|
1 Structural Processes Group, Department of Geological Sciences, University of Vienna, Althanstrasse 14, Vienna A-1090, Austria michael.edwards{at}univie.ac.at
2 Institut für Geologie, TU-Bergakademie Freiberg, D-09596 Freiberg, Germany
Fault-zone surveying and microstructural analyses focus on a transtensionally strained section of a >100 km-long, 5–15 km-wide, active, sinistral strike-slip W-E fault — the Damxung-Jiali Shear Zone (DJSZ). Deformation fabric superposition, palaeostress and neotectonic measurements reveal a progressive dominance of the transtension coaxial component. Vertical flattening and broadening of the DJSZ results in a 10–20 km-wide pull-apart depression with reciprocal emergence of flanking highlands that expose abandoned fault-zone domains that are hundreds of metres by tens of km in size. Polylithological fault rocks preserve a suite of frictional and viscous deformation to c. 350 °C. Amongst the fault strands, intensity and distribution of grain size reduction from comminution, widespread solution transfer, intragranular plasticity and recrystallization is heterogeneous. A regular pattern of pseudotachylite-coated surfaces short-cutting strong volcanic mylonite domains between weak creeping calcite domains indicates seismic with aseismic strain, and is interpreted as velocity-weakening evidence.
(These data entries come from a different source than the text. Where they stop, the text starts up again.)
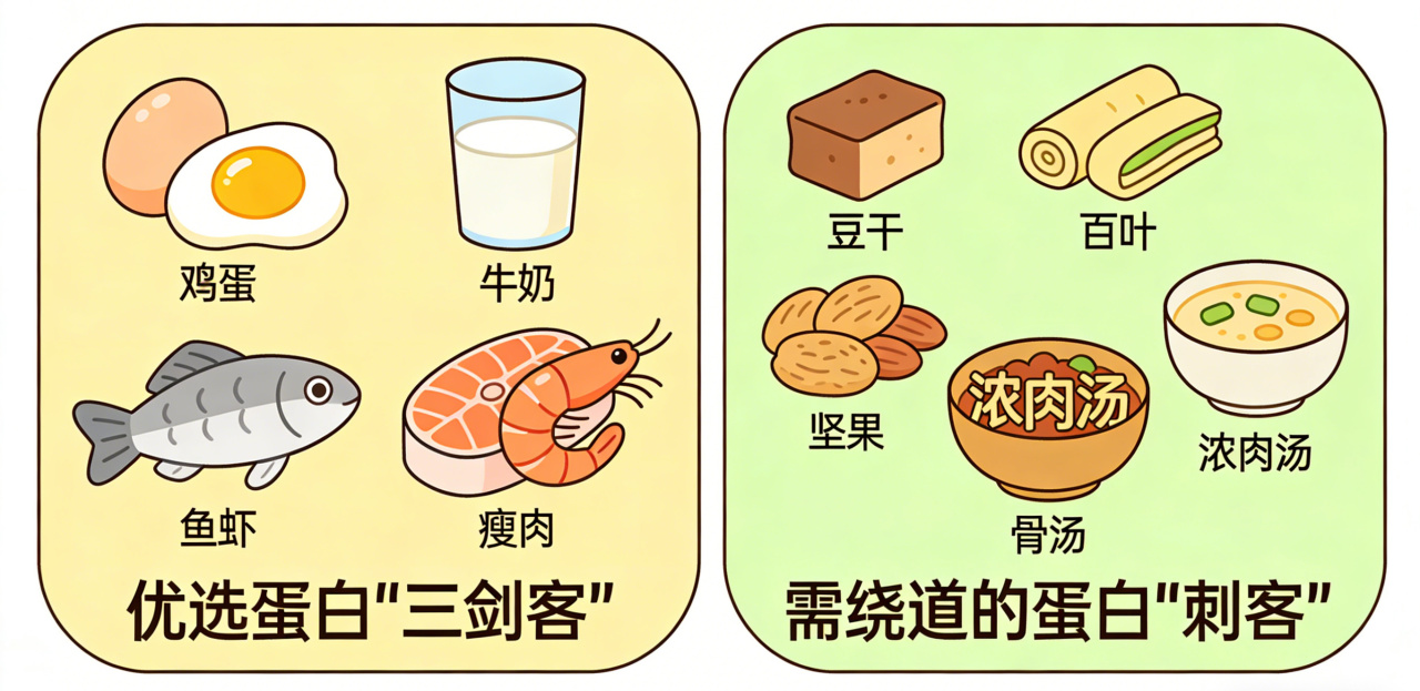 √ 优选蛋白“三剑客”:鸡蛋、牛奶、瘦肉/鱼虾。每天总量约2两,掌心大小的分量,既能补充营养,又不会给肾脏增加负担。
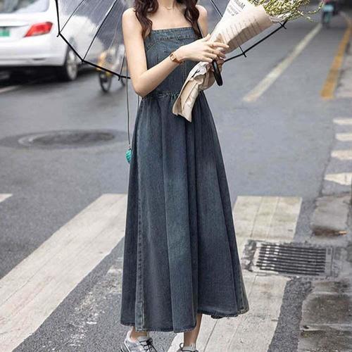 [셀러허브_여성트랜드패션]ONM 여성용 기본 멜빵 데님 원피스 캐쥬얼 청 롱 데
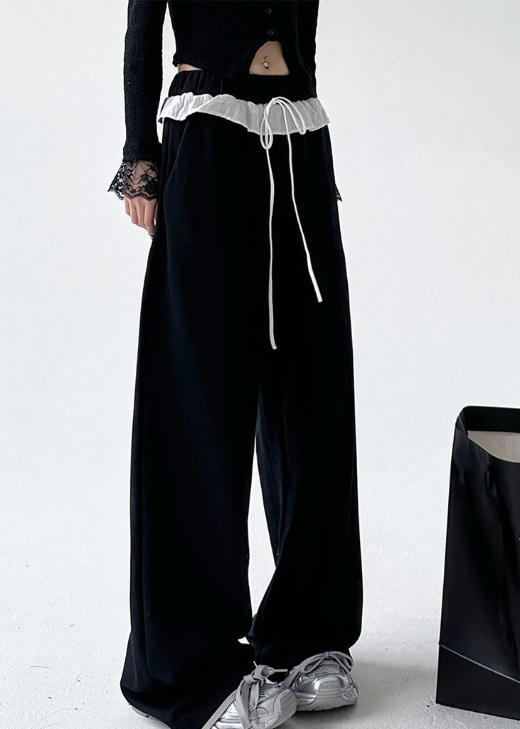 Loose Black Patchwork Tie Waist Straight Pants Spring TA064

Re-brecciation of solution-transfer accommodation-assisted S-C-cataclasite domains document switches from frictional to viscous strain and back again. The co-location of brittle and plastic constituent behaviour for varied fault lithologies plus our interpretations on deformation temperatures suggests major overlap for the frictional and viscous depth ranges. This indicates a very broad and strongly velocity- and fluid-dependent ‘brittle-ductile’ transition.